Esse silêncio, porém, logo acabou quando Cathrine virou-se ao marido e...

— Nem uma palavra, Cathrine — advertiu lentamente Richard, cobrindo a cabeça e gemendo. — Minha cabeça está prestes a explodir com tantos problemas! Explodir!

Sendo assim, Cathrine levantou do assento e também deixou a carruagem. Estava na hora de Richard meditar um pouco, e meditar sozinho. Haviam muitos problemas, de fato, eles iam de guerras a filhos, além de questões de governo e casamentos. Muitos problemas, o que não justificava erros... nem para Robert.
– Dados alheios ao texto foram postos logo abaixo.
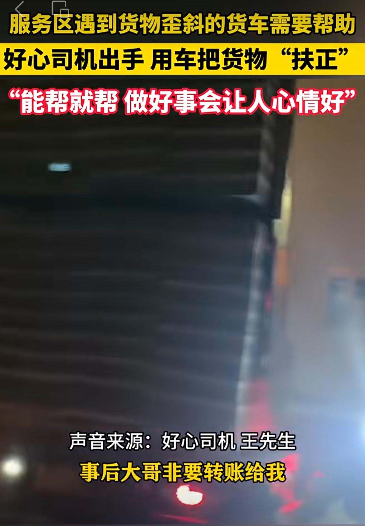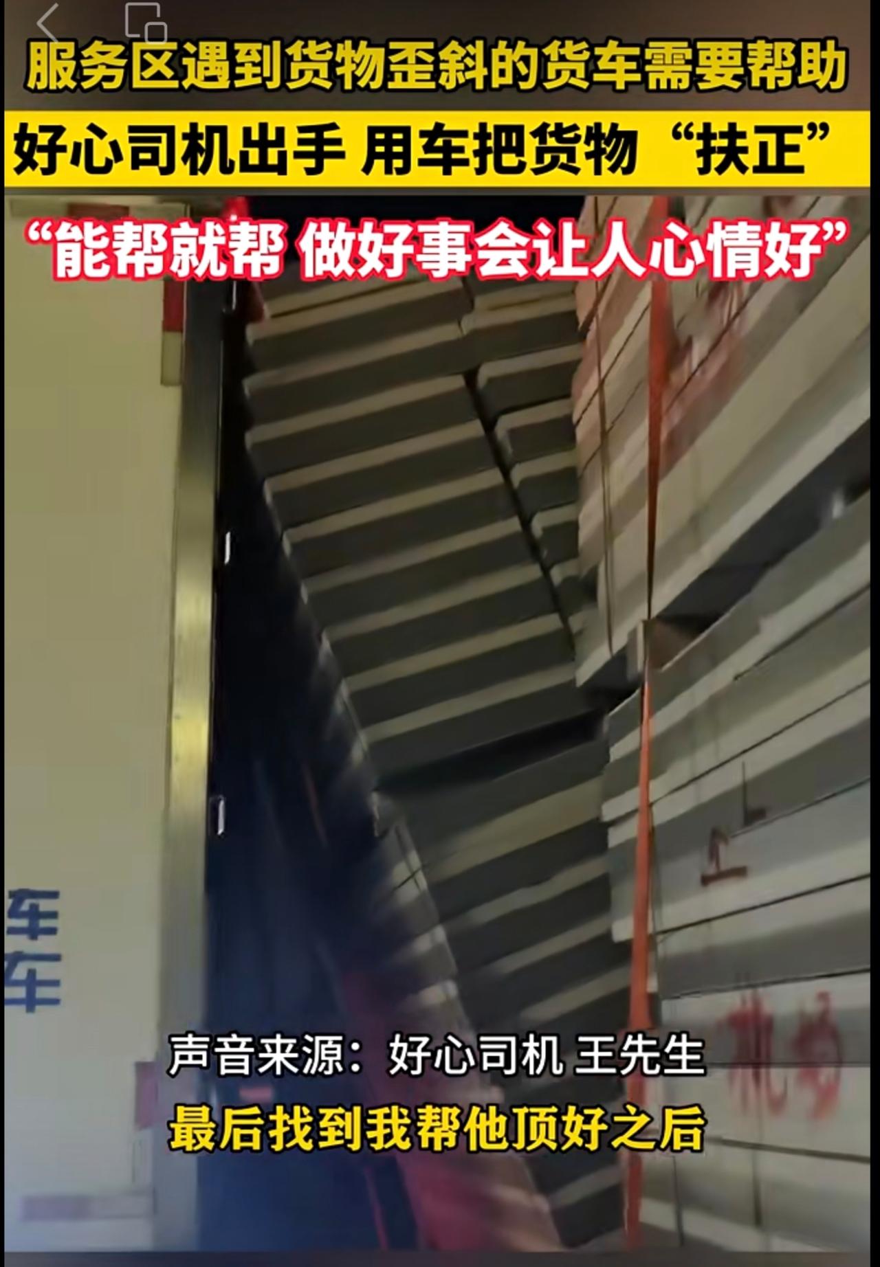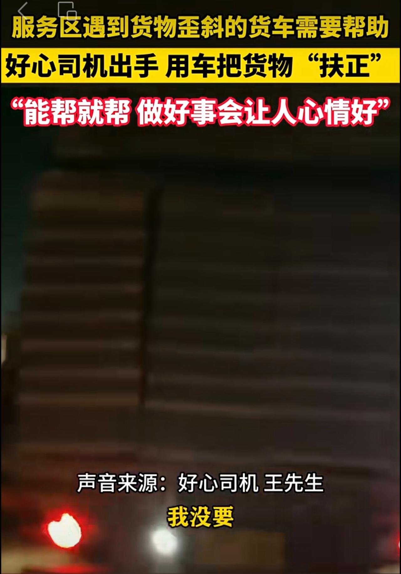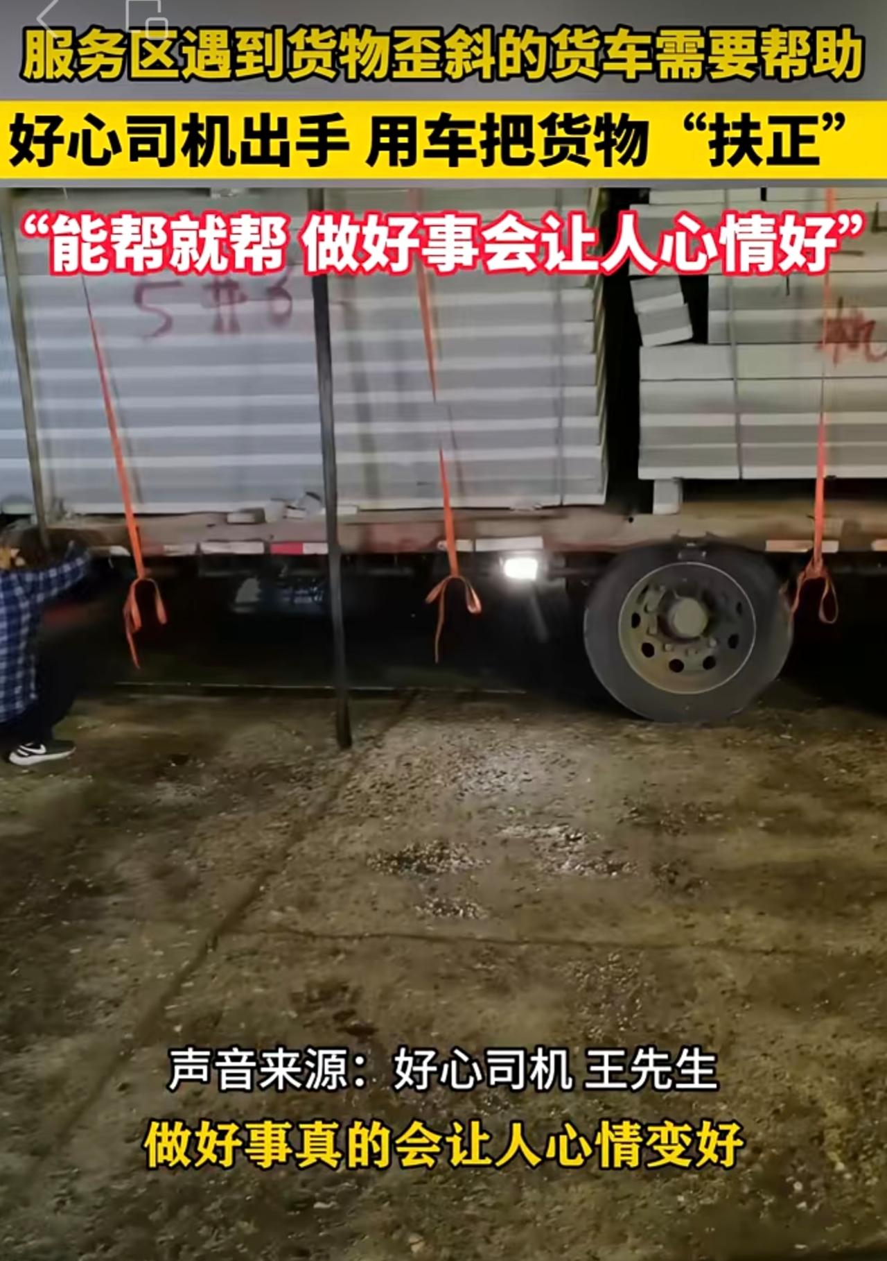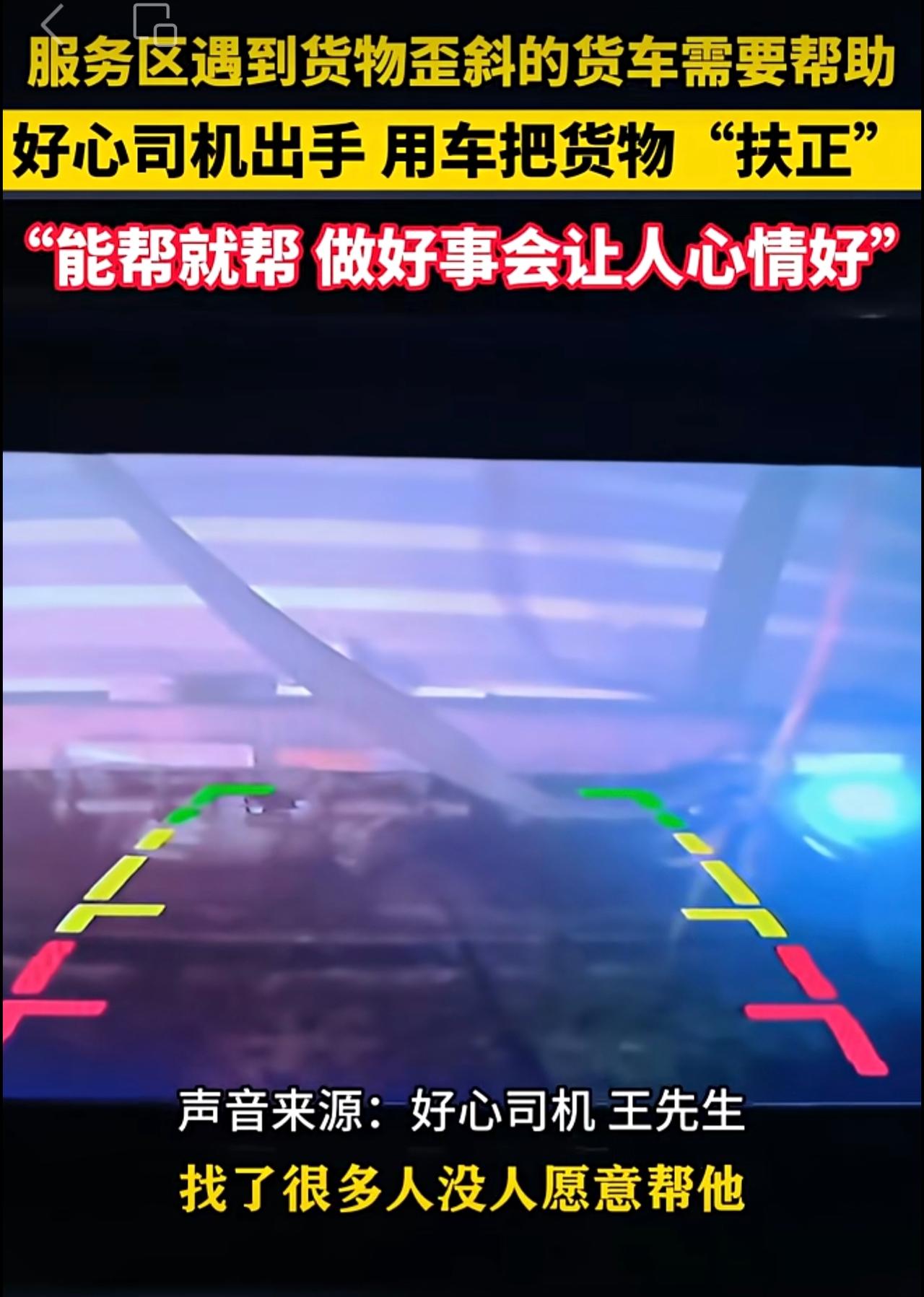 11月1日(报道)G2京沪高速。服务区遇到货物歪斜的货车需要帮助,好心司机出手,用车把货物“扶正”。“能帮就帮,做好事会让人心情好。”(来源:AHTV第一时间)

Cathrine, porém, no meio disso tudo, orgulhava-se profundamente por sempre manter a calma. Mas nada disso importava para ela, apenas uma coisa poderia ser triste... a marquesa parou e franziu o cenho; Sophia teria mais filhos que ela?

*****

Buckingham House, Londres

— Casamento!? Mas não era papai, e mamãe também, que não desejava nunca separar-se das filhas!?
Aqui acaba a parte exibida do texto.